● **Provided material**
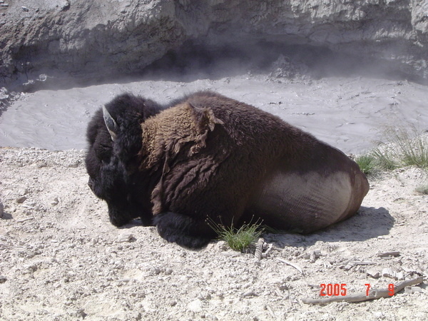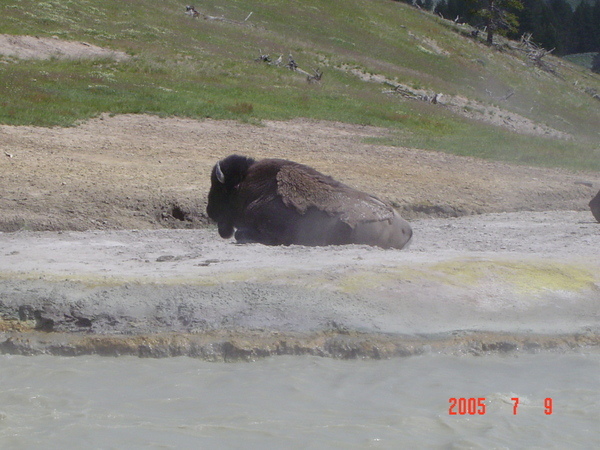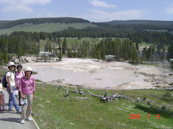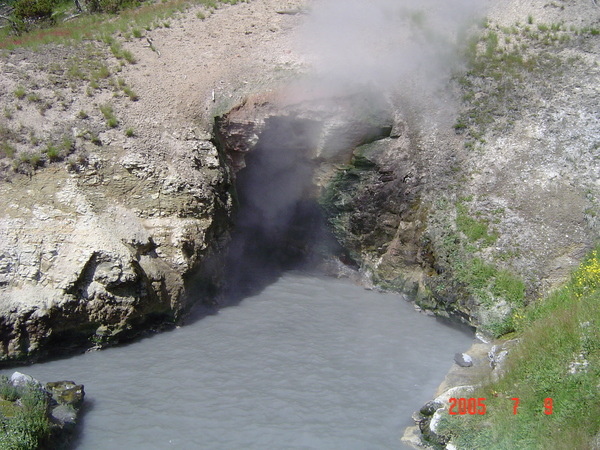 因含有大量的硫磺,所以是黃石公園中最酸的一池,PH值只有1~2,幾乎和胃酸一般,人若不小心掉到裡面,大概就融化光了吧!
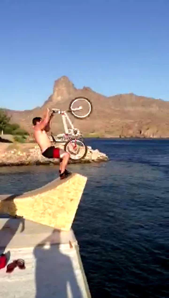 A man rides a bicycle on a ramp on a pier. The man, bike, and ramp all go in the water. Featured talent cleared ONLY (the man on the bike).
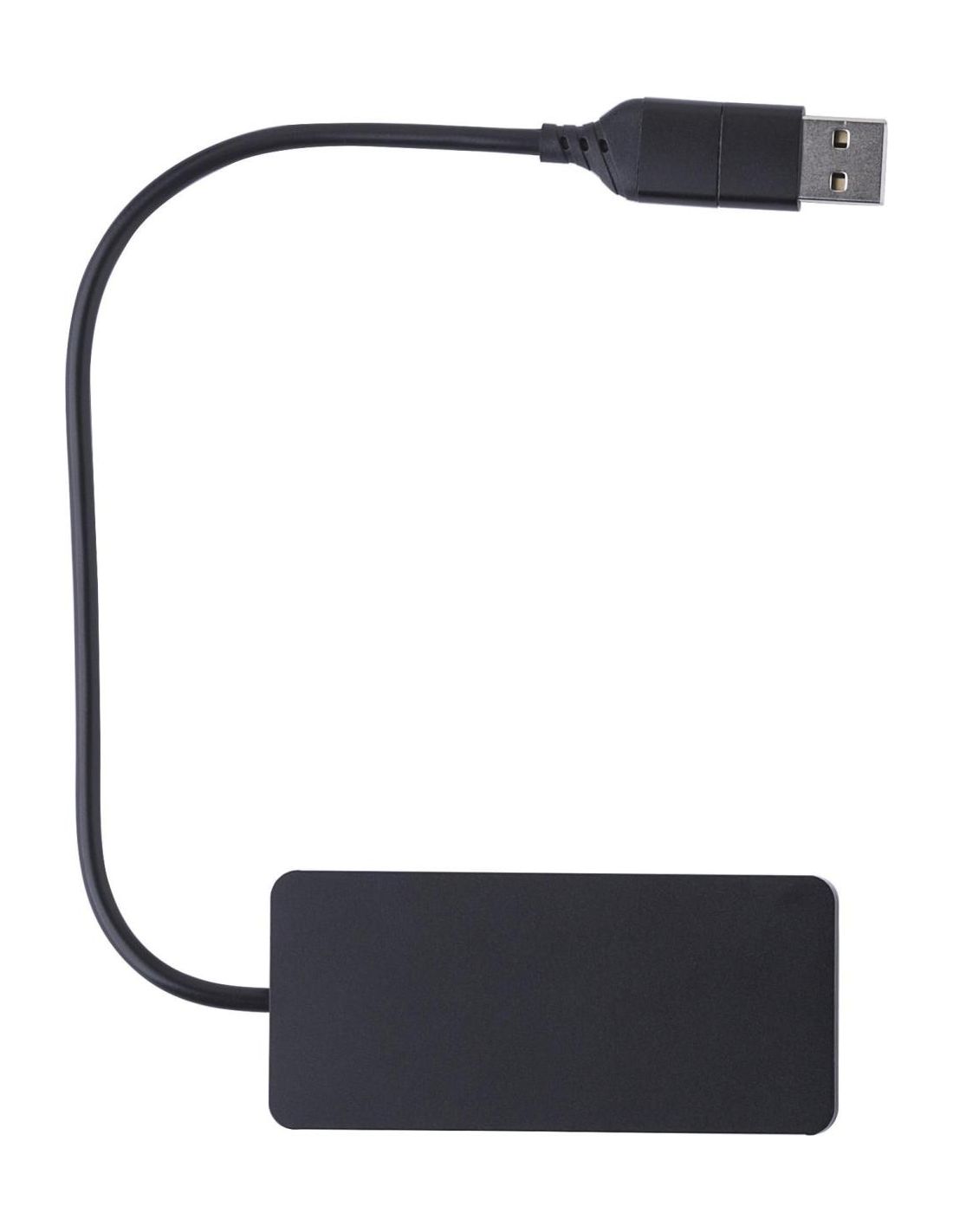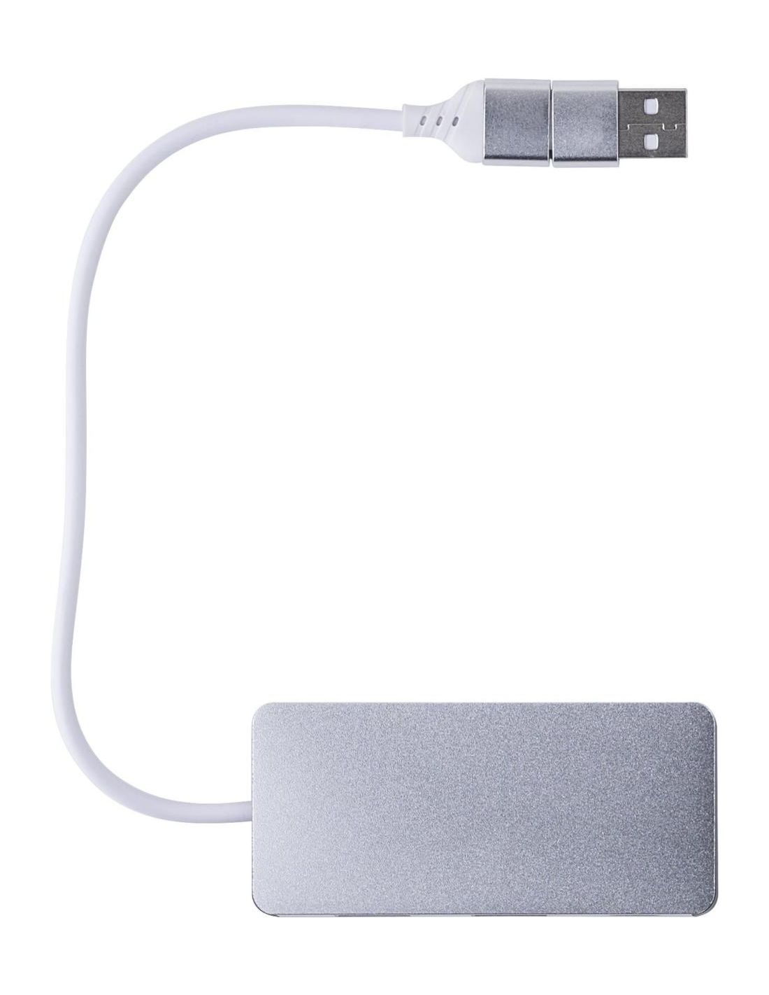 Hub USB de aluminio con 3 puertos. Dos puertos USB A, un puerto USB C. Logotipo 'reciclado' grabado en el producto.

● **Exercise details**
All the lines above are to be given again exactly as they read, with the pictures removed.

● **Result**
 因含有大量的硫磺,所以是黃石公園中最酸的一池,PH值只有1~2,幾乎和胃酸一般,人若不小心掉到裡面,大概就融化光了吧!
 A man rides a bicycle on a ramp on a pier. The man, bike, and ramp all go in the water. Featured talent cleared ONLY (the man on the bike).
 Hub USB de aluminio con 3 puertos. Dos puertos USB A, un puerto USB C. Logotipo 'reciclado' grabado en el producto.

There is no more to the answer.